Appendix: Routing Research#

The router is the unsexiest cost lever and the most valuable. Send every task to Opus and you pay 20x what you need to. Send every task to Haiku and you fail on the ones that needed Opus. Given a task, which model runs it? This appendix surveys the literature and when each approach is worth its engineering.

Three approaches#

Heuristic routers. swarm/routing/router.py takes this path. A triage LLM reads the task, returns JSON, code maps it to a tier. Pros: no training data, readable rules, one file. Cons: every decision costs a small-model call, and rules drift the moment your task mix shifts. The right starting point and for most teams the only router they will ever need.

Learned routers. swarm/routing/learned_router.py shows the next step. Extract hand-engineered features (length, code-block count, imperative-verb count, question words) and train logistic regression on (task, best_model) pairs logged from production. Pros: zero inference cost per call, interpretable weights, one pickle file. Cons: needs labelled data, drifts silently under distribution shift, and the feature engineering caps the ceiling. LearnedRouter keeps the heuristic as a fallback on low-confidence predictions, so the learned ranker is upside and the heuristic is the floor.

RL routers. A policy observes routing decisions and downstream outcomes (eval score, cost, latency), then updates. FrugalGPT (Chen 2023) is the baseline; 2024-2025 work from LMSys and Stanford adds preference learning. The cost is real: a training loop, a reward model you trust, and enough traffic to learn from. Out of scope here but worth tracking.

What the papers say#

Mixture of Agents (Wang 2024) is about aggregation, not routing, but it validates the claim that small specialized models can match or exceed one large model on many tasks if combined right. FrugalGPT (Chen 2023) is the classic cost-reduction paper: sequential cascade from cheap to expensive with a quality gate between stages. The ideas map cleanly onto a router that tries Haiku first and escalates to Sonnet when confidence is low.

When to train a router#

Train a learned router when you have 500 or more logged (task, best_model) pairs, where "best model" is backed by a real metric (eval score, human rating, downstream success), not just the one someone picked.
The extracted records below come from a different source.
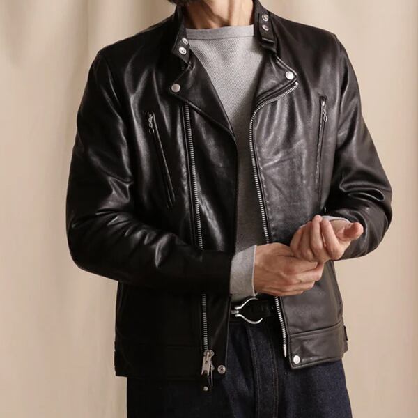 30年代~40年代フライトジャケットからライダースジャケットへ移り変わっていく時代にインスパイアされたダブルブレストライダース。
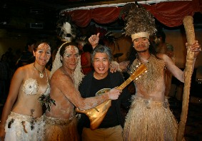 踊りの後は交流会になった。ラパ・ヌイの人達に囲まれて写真撮影。
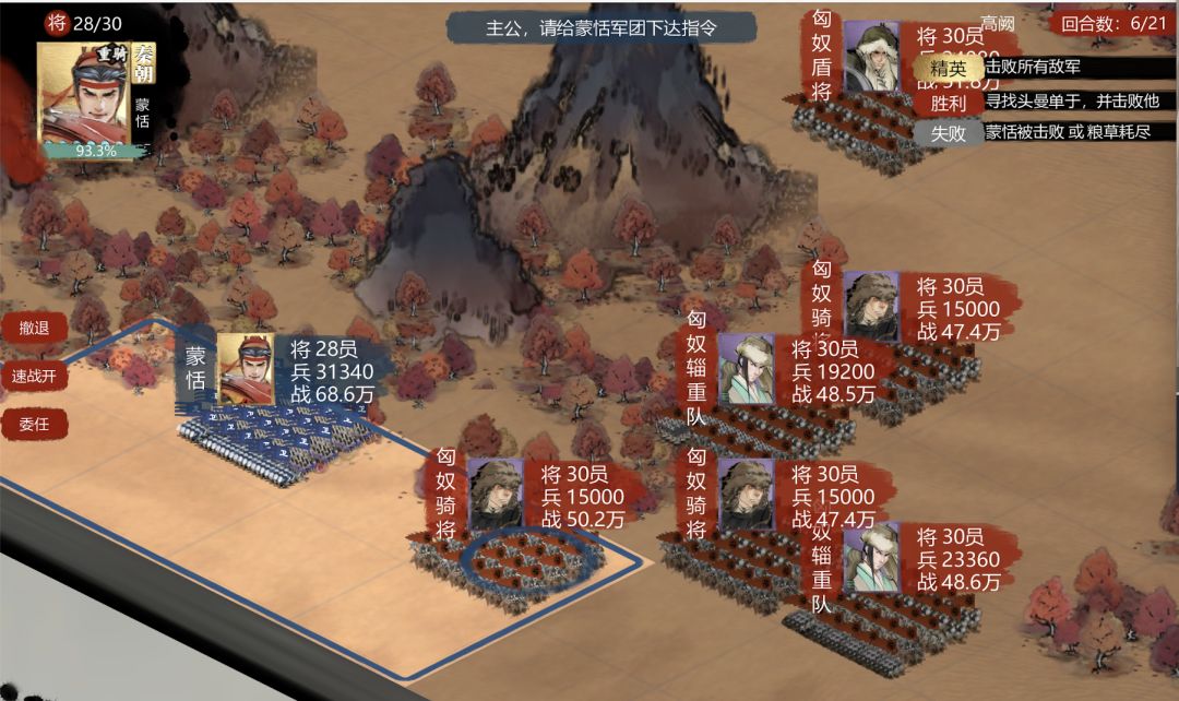 秦匈奴简直是梦魇,连续7天每天三次重置,试过无数办法只能通关,历史精英奖励只能等后续官方进行优化调整降低难度(要是有大神过了历史精英跪求解答疑惑),秦匈奴不同于赵、汉,后期可以随便推(策划脑子不知道刮什么风),赵资源少,但难度低,汉难度大,但资源多,秦就比较尴尬了.
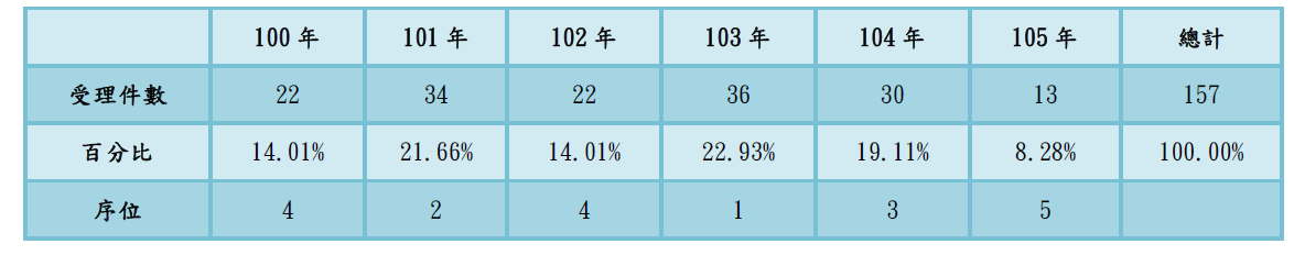 總受理件數為157案,平均每年受理件數為26案,依辦理件數排序分別為:1.103年度(共36案,佔總件數22.93%),2.101年度(共34案,佔總件數21.66%),3.104年度(共30案,佔總件數19.11%),4.100年度及102年度(各22案,各佔總件數14.01%),5. 105年度(共13案,佔總件數8.28%)。其中101年、103年及104年受理件數均大於平均值(26案),又以103年度受理件數最多,105年受理件數最少,僅為平均值50%。103年案件較多,恐因多數案件涉及土地徵收工程,因涉及多數民眾重大權益,故易遭民眾陳情或檢舉,致案件量增加。105年度因為民眾檢舉驟降,為案件量減少主因。

Below that, noise dominates signal. Above that, you start winning the moment you retire the triage LLM call from the hot path.

Gotchas#

Training-data drift. The 500-example set from Q1 is a bad guide to Q3 if a new tier launched mid-quarter. Retrain on rolling windows (last 90 days) and re-evaluate monthly. LearnedRouter's save/load is cheap on purpose.

Class imbalance. Medium-tier routes dominate: 70-80 percent of tasks are "just use the standard model." Default logistic regression handles this poorly at the tail. Use class_weight="balanced" or oversample the minority before fit(). Otherwise your router routes every task to the dominant class.

Eval pollution. Never train on a task that also appears in your eval set. Obvious in theory, violated in practice every single time. Maintain a holdout of production-like queries that is never part of training data.

Confidence calibration. Raw predict_proba is not well calibrated on small data. A "0.72 confidence" may be right 55 percent of the time. If the threshold matters (it does, because it gates the fallback), run Platt scaling or isotonic regression. Until then, treat it as a knob, not a measurement.